Contudo, junto da Assembleia da República, a ANICA tem vindo a fazer algumas diligências junto dos grupos parlamentares. Exemplo disso é o caso da recente alteração do quadro legal complementar de prevenção e combate à atividade ilegal e defesa do consumidor, através dos Projetos de Lei n.º 781/XIV/2.ª e 678/XIV/2.ª, que estabelece que "um quadro complementar de proteção do consumidor perante a oferta de produtos, bens ou a prestação de serviços financeiros por pessoa ou entidade não habilitada". Desconhecemos casos em concreto.
"A satisfação do consumidor final só é possível adequando os serviços do IC e promovendo a literacia financeira junto dos seus clientes".
O que pode ser feito para melhorar a intermediação do crédito habitação em Portugal?
A satisfação do consumidor final só é possível adequando os serviços do IC e promovendo a literacia financeira junto dos seus clientes. E ainda garantindo que as regras e cuidados são cumpridas para que as famílias portuguesas não entrem em sobre-endividamento. Este é o único caminho.

Quais são os principais objetivos da ANICA no médio e longo prazo? Quantos associados já têm?
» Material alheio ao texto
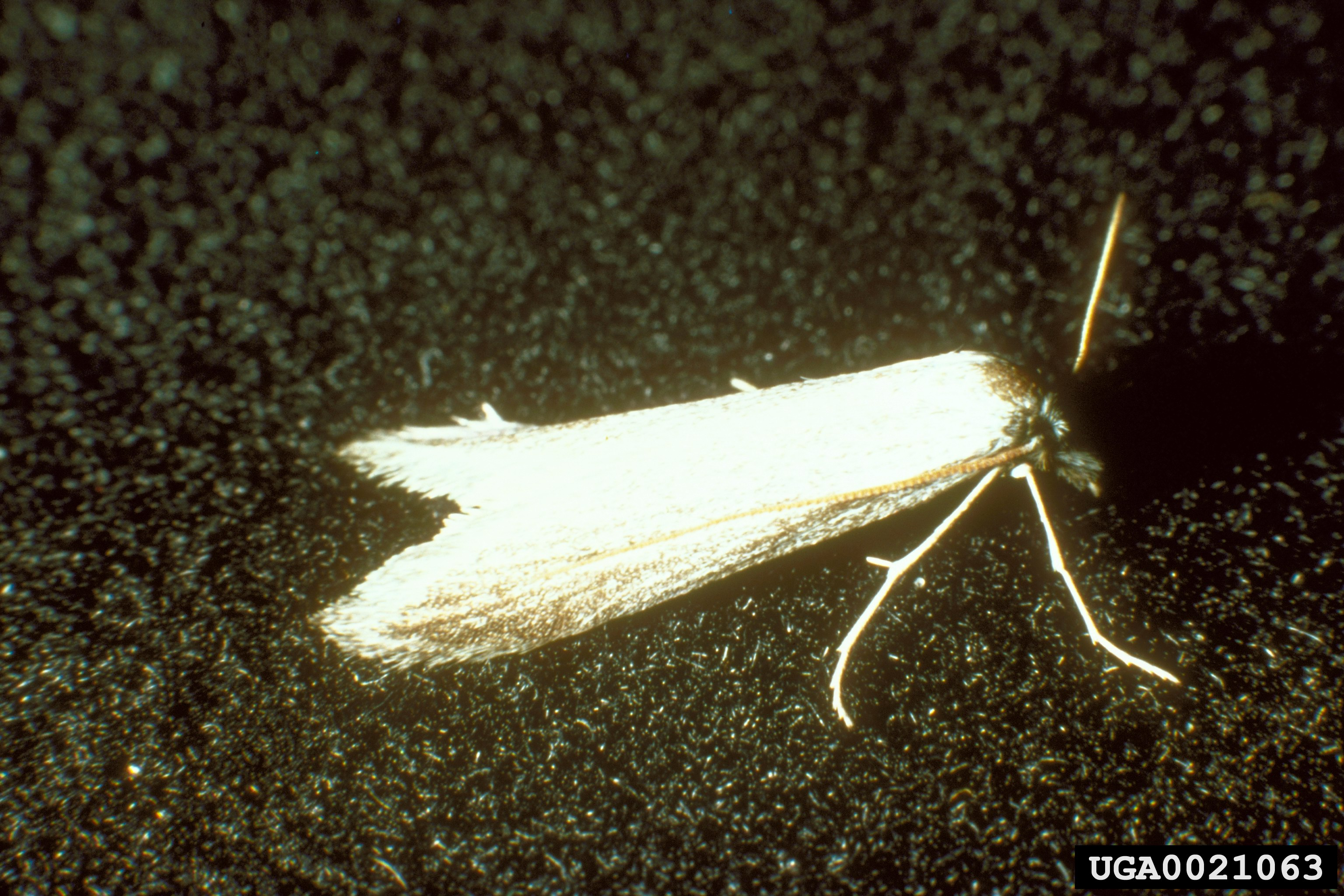 Pterolonche inspersa

Os principais objetivos da ANICA passam por oferecer serviços aos seus associados: serviços jurídicos, criando a jurisprudência que falta na atividade; falar a uma só voz, obtendo ferramentas que permitam ao IC desenvolver melhor a sua atividade; acesso a parcerias económicas mais vantajosas; bem como formação e até ajuda ao processo de certificação à atividade, isentos de qualquer interesse comercial.
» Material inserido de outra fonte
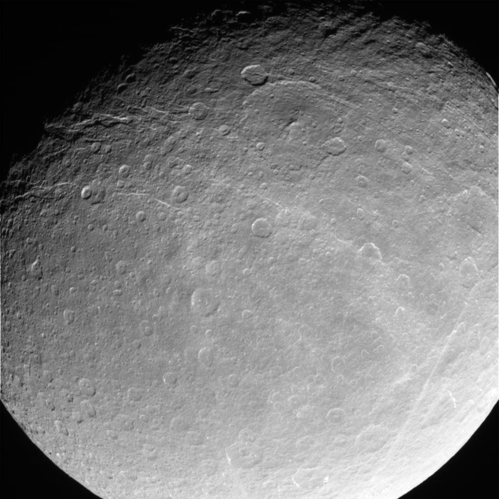 Raw image of the wispy trailing hemisphere of Saturn's moon Rhea, taken by the Cassini spacecraft January 17, 2006. The streaks are revealed to consist of ice cliffs similar to those of Dione.
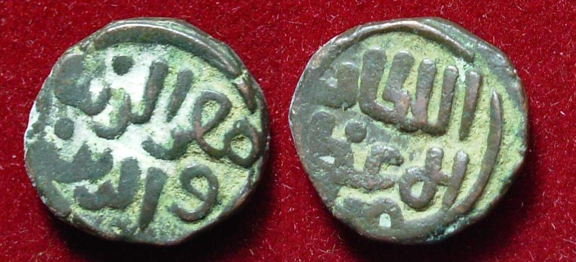 image from personal collection - coin from rule of Muiz ud din Qaiqabad

Para isso, vamos continuar a crescer. Dos cerca de 6.000 inscritos no BdP, apenas 1.500 são intermediários de crédito vinculados e são estes os que mais dependem da nossa missão. Temos como objetivo atingir os 150 associados até final de 2021. Para o próximo ano, esperando que não haja um novo confinamento, iremos realizar algumas atividades de proximidade para que possamos atingir os 400 associados. Só com massa crítica, músculo, poderemos fazer bem o nosso trabalho.